Most of the performance challenges with AV have already been solved via progressive download formats and adaptive bitrate streaming. Remaining challenges not fully solved with progressive download and adaptive bitrate formats include live video, server-side control of quality of service adaptations, and greater compression in new codecs. None of these are the types of performance issues the cultural heritage sector ought to try to take on, and the parameterized approach does not contribute solutions to these remaining issues. Beyond these rather advanced issues, performance is a solved problem that has had a lot of eyes on it.

If the parameterized approach is not meant to help with optimizing performance what problem is it trying to solve? The community would be better off steering clear of this trap of trying to optimize for performance and instead focus on problems that still need to be solved. The parameterized approach is sticking with a performance optimization pattern that does not add anything for AV. It has a detrimental fixation on the bitstream that does not work for AV especially as adaptive bitrate segmented formats are concerned. It appears motivated by some kind of purity of approach rather than taking into account the unique attributes of AV and solving these particular challenges well.

AV Sharing

The other challenge a standard can help with is sharing of AV across institutions. If the parameterized approach does not solve a performance problem, then what about sharing? If we want to optimize for sharing and have the greatest number of institutions sharing their AV resources, then there is still no clear benefit for the parameterized approach. What about this parameterized approach aids in sharing? It seems to optimize for performance, which as we have seen above is not needed, at the expense of the real need to improve and simplify sharing. There are many unique challenges for sharing video across institutions on the web that ought to be considered before settling on a solution.

One of the big barriers to sharing is the complexity of AV. Compared to delivery of still images video is much more complicated. I have talked to a few institutions that have digitized video and have none of it online yet because of the hurdles. Some of the complication is technical, and because of this institutions are quicker to use easily available systems just to get something done. As a result many fewer institutions will have as much control over AV as they have over images. It will be much more difficult to gain that kind of control. For instance with some media servers they may not have a lot of control over how the video is served or the URL for a media file.

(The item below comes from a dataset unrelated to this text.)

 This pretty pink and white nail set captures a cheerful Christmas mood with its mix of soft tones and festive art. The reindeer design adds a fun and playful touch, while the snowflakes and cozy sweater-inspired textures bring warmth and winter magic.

Video is expensive. Even large libraries often make choices about technology and hosting for video based on campus providing the storage for it. Organizations should be able to make the choices that work for their budget while still being able to share in as much as they desire and is possible.

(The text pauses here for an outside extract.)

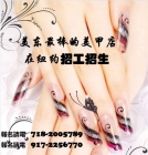 康州富豪社区指甲店急请大工、小工、按摩工,要求有经验、手艺好。(会英文、会开车者优先)法拉盛有车接送,路程30分钟。另招数名学生,亲授美甲技艺。报名电话:718-200-5789 戚先生

One argument made is that many institutions had images they were delivering in a variety of formats before the IIIF Image API, so asking for similar changes to how AV is delivered should not be a barrier to pursuing a particular technical direction. The difficulty of institutions in dealing with AV can not be minimized in this way as any kind of change will be much greater and asking much more. The complexity and costs of AV and the choices that forces should be taken into consideration.

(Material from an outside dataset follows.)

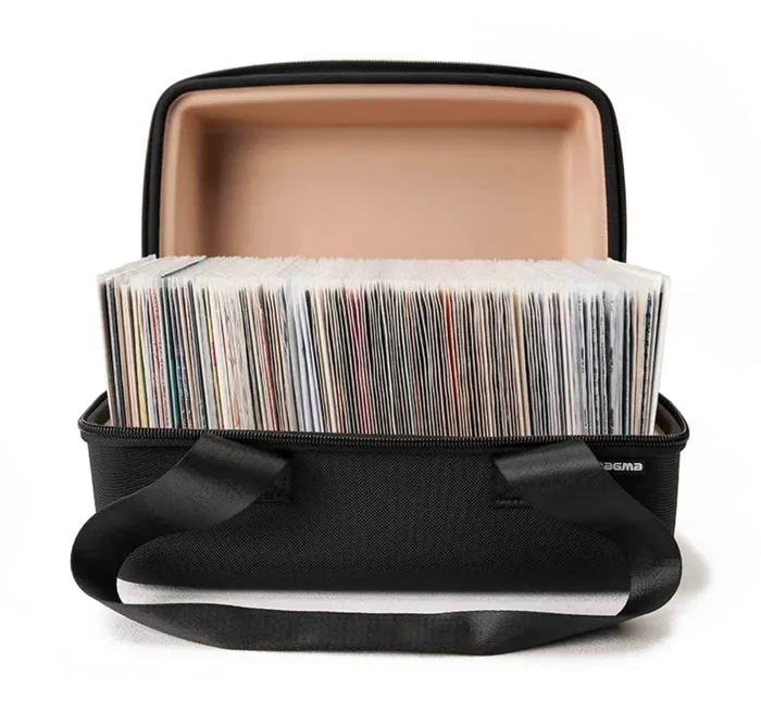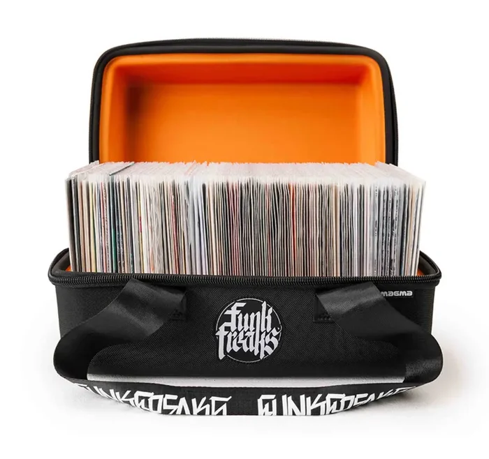 The Magma MGA430, 45 Sandwich Record Bag is designed for dedicated 45 vinyl-DJs, the all-new MAGMA 45 SANDWICH offers a remarkably sleek and lightweight innovation for carrying your 7“records. Constructed with a fully molded, shock-absorbing EVA shell, this case ensures superior protection and a secure fit for up to 150 7“records.

An important question to ask is who you want to help by standardizing an API for sharing? Is it only for the well-resourced institutions who self-host video and have the technical expertise? If it is required that resources live in a particular location and only certain formats be used it will lead to fewer institutions gaining the sharing benefits of the API because of the significant barriers to entry. If the desire is to enable wide sharing of AV resources across as many institutions as possible, then that ought to lead to a different consideration of the issues of complexity and cost.

One issue that has plagued HTML5 video from the beginning is the inability of the browser vendors to agree on formats and codecs. Early on open formats like WebM with VP8 were not adopted by some browsers in favor of MP4 with H.264. It became common practice out of necessity to encode each video in a variety of formats in order to reach a broad audience. Each source would be listed on the page (on a source element within a video element) and the browser picks which it can play. HTML5 media was standardized to use a pattern to accommodate the situation where it was not possible to deliver a single format that could be played across all browsers. It is only recently that MP4 with H.264 has been able to be played across all current browsers. Only after Cisco open sourced its licensed version of H.264 was this possible. Note while the licensing situation for playback has been improved there are still patent/licensing issues which mean that some institutions still will not create or deliver any MP4 with H.264.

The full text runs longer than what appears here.